GREENBURGH, N.Y. – The Rangers’ players had one of the busiest seasons any Rangers team has ever had.
Now, it’s their general manager’s turn to have the heat turned up.
There are myriad decisions for Glen Sather to ponder this offseason, not the least of which is the fate of de-facto captain Brad Richards, who stepped into the unofficial role after former captain Ryan Callahan was traded to Tampa Bay in March for Martin St. Louis.
It’s not that the Rangers want to lose Richards – to the contrary. It will hurt them to lose the center next season. But due to regulations in the collective bargaining agreement, they don’t have a choice. They all-but have to use their remaining compliance buyout on the remaining six years of his nine-year deal.
Sather has until June 30 to exercise the buyout option.
“He’s been such a big part of this team this year,” goaltender Henrik Lundqvist said of Richards. “Now, obviously, is a time when management is going to make different decisions on a lot of different things.”
Richards’ cap hit is $6.67 million through the 2019-2020 season. But if he decides to retire before his deal expires, the Rangers could be saddled with as much as $5.67 million per-season of dead cap space due to the recapture penalty. It’s not a risk the team is likely to be willing to take.
“I’m very happy with what he brought to the table,” Vigneault said, calling his veteran leader “classy.” “A veteran player that, from day one, was a real good extension of the coaching staff in that dressing room.
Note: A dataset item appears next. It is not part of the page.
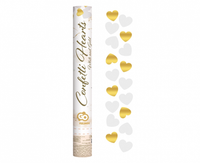 Konfetti pneumatyczne Złote i białe serduszka (foliowe i papierowe) / 40 cm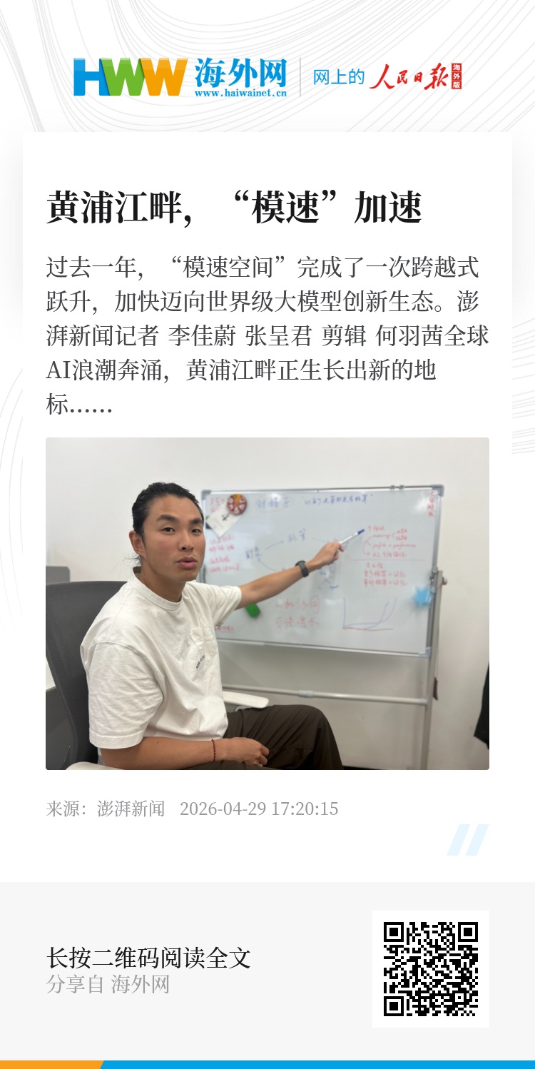 龙耀路地铁站旁,“模速空间”聚集着在AI世界逐梦的年轻创业者。2026年4月,澎湃新闻记者(www.thepaper.cn)实地走访发现,这个成立两年半的年轻空间,已从早期规模扩张迈入以生态引领为特征的新阶段,整体能级持续跃升、产业集聚明显提速,在核心技术、标杆应用、青年人才等方面协同发力。

He should walk away from this season very pleased with how he played and how he contributed to our team.”
Richards was one of a select few players that elected not to meet the media during break-up day at their practice facility in suburban Westchester County.
Brian Boyle did talk to the media, reiterating his desire to remain with the team that allowed him to resurrect his career five seasons ago.
“I’m really fortunate to be a part of it,” Boyle said. “Certain things happen that you don’t have control over, I got this opportunity five years ago to be here – we’ve come a long way.”
Boyle, 29, scored three goals this postseason, after a regular season during which he tallied six. As he enters free agency, he said he’s hoping to find a team that will give him a greater role, which Vigneault said the Rangers may not be able to provide him.
“His role on our team is a very important role,” Vigneault said of his fourth-line forward. “If he’s satisfied with having that role, I would definitely want him back. At the end of the day, players have to decide if they’re satisfied with what he’s being given. His 12-to-14 minutes that he’s being given are huge minutes. Some players don’t see it, but they’re huge minutes to teams having success. I hope he sees that.”
“Obviously, things always change in the summer,” said Dominic Moore, another of the team’s six unrestricted free agents. “One way or the other, this group will look different than it was this year.”
“I said it all along, I was blessed to be a part of it,” Boyle said. “It’s something I’m very, very thankful for. Just to be able to go to work with such close friends every day and be successful to some extent, there’s nothing more you can ask for.”
One of the reasons the Rangers advanced all the way to the Stanley Cup Final was their depth on defense, which could be tested if Anton Stralman, a waiver-wire pickup in 2011, earns the kind of money he’s expected to when he tests free agency next month. After making $1.6 million in each of the last two seasons, he could be due a substantial raise.
“The only thing in my mind, really, is security for me and my family,” Stralman said. “We’ve been moving a lot, and we’ve been doing four teams in seven years, now. All we’re really looking for is stability. We want to stay in one place. This is, obviously, where we want. We’d like to stay. I hope it’s going to happen.”
The decisions Sather has to make haven’t dampened the dismay the players still feel over Friday’s elimination. If Ryan McDonagh’s overtime shot in Game 5 hadn’t hit the post, if Rick Nash’s attempt in double-overtime hadn’t been deflected away by Slava Voynov, the team would have been preparing for Game 6 Monday night at Madison Square Garden, instead of cleaning out its lockers in Westchester.
Instead, about one hour after the Rangers’ media availability wrapped up, the parade to honor the Los Angeles Kings had started. Just over 2,800 miles from that celebration, the compressor was being turned off, sticks and pucks packed away for the summer.
“It’s a tough one to handle right now,” said Nash, who scored just three goals in the team’s 25 postseason games. “You work all season, and you work all playoffs to get there, and you can almost see the light at the end of the tunnel. It’s right there. To get it taken away from you is pretty tough.”
“We had a lot of confidence, a lot of belief in each other,” said McDonagh, who’s the favorite to be named the 28th captain in franchise history when they reconvene. “At any point in the L.A. series, we felt were going to turn it around and make it happen. But, we didn’t. It’s pretty shocking, a pretty devastating feeling.”
“Eventually you have to stop,” Lundqvist said when asked how long he’ll be thinking about the unsatisfying end to the season. “You still think about it. You still think about every game. ‘What happened? Why did it go that way?’ It’s going to be that way for a couple more weeks. It’s always like that when the season is over. You keep thinking about different things, and you try to learn from it. After a while, you kind of move on.”